УДК 579.62: 579.253.4

РАЗРАБОТКА ЭФФЕКТИВНОГО И БЫСТРОГО МЕТОДА ИДЕНТИФИКАЦИИ ПАТОГЕННЫХ ШТАММОВ КИШЕЧНОЙ ПАЛОЧКИ, ВЫДЕЛЕННОЙ ИЗ РАЗЛИЧНЫХ ОРГАНОВ КУР

Терлецкий Валерий Павлович1, Новикова Оксана Борисовна2
1Всероссийский научно-исследовательский институт генетики и разведения сельскохозяйственных животных, доктор биологических наук, ведущий научный сотрудник лаборатории молекулярной цитогенетики
2Всероссийский научно-исследовательский ветеринарный институт птицеводства, кандидат ветеринарных наук, ведущий научный сотрудник отдела микробиологии

Аннотация
Использование эндонуклеаз рестрикции позволило предложить быстрый и эффективный метод генотипирования патогенных штаммов кишечной палочки. Метод использовали при выяснении путей распространения штаммов в условиях птицефабрик. Было показано отсутствие передачи возбудителя между отдельными птицефабриками и птичниками внутри птицефабрик.

Ключевые слова: генотипирование, ДНК фрагменты, птицефабрики, распространение патогенов, ферменты рестрикции


DEVELOPMENT OF EFFICIENT AND FAST IDENTIFICATION TECHNIQUE FOR PATHOGENIC STRAINS OF ESCHERICHIA COLI ISOLATED FROM VARIOUS CHICKEN ORGANS

Terletskiy Valery Pavlovich1, Novikova Oksana Borisovna2
1Russian Research Institute of Farm Animal Genetics and Breeding, D.Sc. in biology, senior researcher
2All Russian Veterinary Research Institute of Poultry Sciences, Cand. Sc. in veterinary medicine, senior researcher

Abstract
Use of restriction endonucleases allowed for setting up fast and efficient genotyping technique for E. coli pathogenic strains. The technique has been employed for elucidation of routes of transmission of strains in poultry farms settings. It was shown that there was no pathogen trans-mission between poultry farms and between hen houses within poultry farms.

Keywords: DNA fragments, genotyping, pathogen spread, poultry farms, restriction enzymes


Рубрика: Биология

Библиографическая ссылка на статью:
Терлецкий В.П., Новикова О.Б. Разработка эффективного и быстрого метода идентификации патогенных штаммов кишечной палочки, выделенной из различных органов кур // Исследования в области естественных наук. 2015. № 6 [Электронный ресурс]. URL: https://science.snauka.ru/2015/06/10143 (дата обращения: 16.07.2023).

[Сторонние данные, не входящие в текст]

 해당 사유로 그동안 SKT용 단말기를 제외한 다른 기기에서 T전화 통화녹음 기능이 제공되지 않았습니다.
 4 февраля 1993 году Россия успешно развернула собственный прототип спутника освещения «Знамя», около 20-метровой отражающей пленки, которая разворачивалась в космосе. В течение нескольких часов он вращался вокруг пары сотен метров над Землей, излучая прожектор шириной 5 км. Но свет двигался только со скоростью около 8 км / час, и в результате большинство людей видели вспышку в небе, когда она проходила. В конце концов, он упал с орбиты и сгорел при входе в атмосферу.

Введение. В настоящее время циркулирование высокопатогенных видов бактерий на птицефабриках России находится под жёстким контролем ветеринарных служб. Очаги инфекции быстро локализуются и устраняется опасность распространения инфекции. В то же время, условно-патогенная микрофлора всё чаще вызывает заболевания у животных. К наиболее часто встречающимся этиологическим факторам инфекционных заболеваний относят кишечную палочку, которая наносит большой экономический урон птицеводству.

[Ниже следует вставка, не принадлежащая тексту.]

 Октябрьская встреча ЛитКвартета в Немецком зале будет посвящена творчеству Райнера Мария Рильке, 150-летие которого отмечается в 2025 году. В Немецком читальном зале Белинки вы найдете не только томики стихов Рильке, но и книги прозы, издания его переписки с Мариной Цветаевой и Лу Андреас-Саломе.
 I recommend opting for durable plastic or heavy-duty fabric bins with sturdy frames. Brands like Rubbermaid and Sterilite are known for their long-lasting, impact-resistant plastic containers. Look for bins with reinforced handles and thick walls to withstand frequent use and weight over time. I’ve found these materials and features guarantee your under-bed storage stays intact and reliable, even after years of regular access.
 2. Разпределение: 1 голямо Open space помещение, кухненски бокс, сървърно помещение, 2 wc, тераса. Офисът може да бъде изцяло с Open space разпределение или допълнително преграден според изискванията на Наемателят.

Актуальность исследований диктуется необходимостью быстро находить пути распространения, а также выявлять источники инфекции. Циркулирование возбудителей во внешней среде приводят к периодическим вспышкам заболеваний [1, c. 12]. В птицеводстве инфекционные заболевания, прежде всего колибактериоз, несут особую угрозу, так как на птицефабриках птица находится в условиях, благоприятствующих передаче микроорганизмов между особями (скученность содержания, запылённость помещений и т.д.). Кроме того, биологические особенности домашних кур современных промышленных кроссов предрасполагают к острому течению многих инфекционных заболеваний и существенному отходу птицы на птицефабриках и снижению рентабельности отрасли в целом. Использование современных методов генотипирования позволяет ответить на вопросы эпизоотологического плана, в частности, каким путём происходит передача возбудителя и где находится источник инфекции [2, c. 90; 3, p. 2].. Эти сведения необходимы для предотвращения новых вспышек болезни. Генотипирование используется также при определении эффективности вакцинопрофилактики при использовании живых вакцин (сравниваются генотипы выделенных изолятов бактерий у птицы с клиническими признаками болезни с генотипом вакцинного штамма).

Для надежной идентификации и паспортизации таких штаммов необходимо применение современных методик генотипирования микроорганизмов. Генотипирование позволяет присвоить молекулярно-генетический «штрих-код» каждому штамму, что крайне важно при использовании штаммов на практике, при решении спорных вопросов и при хранении коллекций штаммов в лабораторных условиях. Помимо этого, есть вероятность того, что определённый фрагмент ДНК может быть сцеплен с важной биологической или хозяйственно-полезной особенностью штамма, что позволит использовать его в качестве маркера данного свойства при изучении других потенциально полезных штаммов.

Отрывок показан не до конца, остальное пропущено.